= Packet over SONET/SDH =

Communications protocol for transferring packets over fiber networks

Packet over SONET/SDH, abbreviated POS, (Note: POS (packet over SONET) is a double-nested abbreviation. The S represents "SONET/SDH", which itself stands for "Synchronous Optical Network/Synchronous Digital Hierarchy". Given this, POS technically stands for "Packet over Synchronous Optical Network/Synchronous Digital Hierarchy".) is a communications protocol for transmitting packets in the form of the Point to Point Protocol (PPP) over SDH or SONET, which are both standard protocols for communicating digital information using lasers or light emitting diodes (LEDs) over optical fibre at high line rates.

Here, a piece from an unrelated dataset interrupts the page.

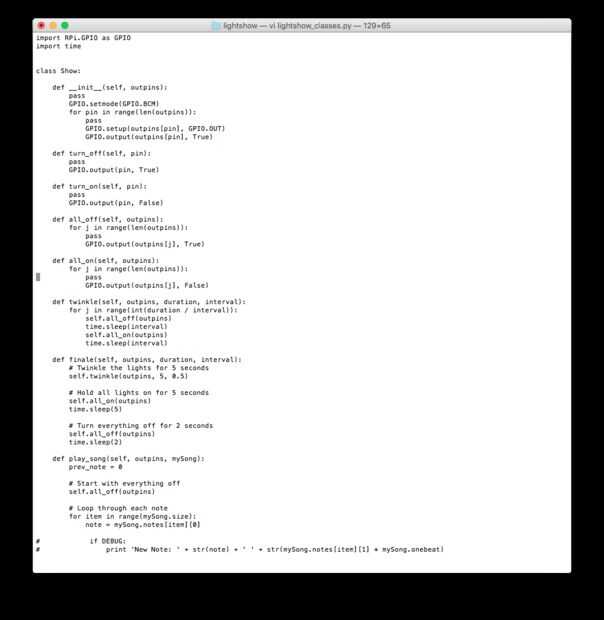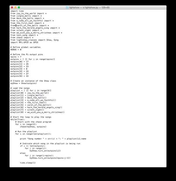 Una vez cargado en la Raspberry Pi, el programa se puede ejecutar el comando: sudo python lightshow.py
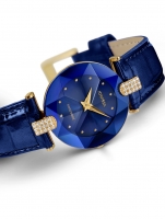 • Manufacturer no.: J5.011.M • Manufacturer series: Facet Strass 29mm • Functions: Hour, Minute • Movement: Battery (quartz) • Movement label: Swiss Made • Dial color: Blue • Display: Analog • Water resistant: 3 • Bezel: Fixed • Surface finish: Polished • Case color: Gold • Case material: Stainless steel • Case thickness: 9 • Case shape: Round • Case trimming: Zirconia • Case width: 29 • Caseback: screwed, Stainless steel bottom • Gender: Ladies • Glas: hardened, Mineral glass • Style: Elegant • Strap material: Calf leather • Strap color: Blue • Lug width: 18 • Clasp: Buckle clasp • Max wrist circumferences: 190 • Item weight: 0.03 • Scope of delivery: Box, Instruction, Packaging, Warranty documents

POS is defined by RFC 2615 as PPP over SONET/SDH. PPP was designed as a standard method of communicating over point-to-point links and is thus suited to SONET/SDH links because these use point-to-point circuits.

==History==
Cisco was involved in making POS an important wide area network protocol. PMC-Sierra produced an important series of early semiconductor devices which
implemented POS.

==Applications==
The most important application of POS is to support sending of IP packets across wide area networks. Large amounts of traffic on the Internet are carried over POS links. POS is also one of the link layers used by the Resilient Packet Ring standard known as IEEE 802.17.

== Security ==
Scrambling is performed during insertion of the PPP packets into the SONET/SDH frame to avoid various security attacks including denial-of-service attacks and the imitation of SONET/SDH alarms. This modification was justified as cost-effective because the scrambling algorithm was already used by the standard used to transport ATM cells over SONET/SDH. However, scrambling can optionally be disabled to allow a node to be compatible with another node that uses the now obsoleted RFC 1619 version of Packet over SONET/SDH which lacks the scrambler.

==Complementary Interfaces==
The System Packet Interface series of standards from the Optical Internetworking Forum including SPI-4.2 and SPI-3 and their predecessors PL-4 and PL-3 are commonly used as the interface between packet processing devices and framer devices that implement POS. The acronym PL-4 means POS-PHY Layer 4.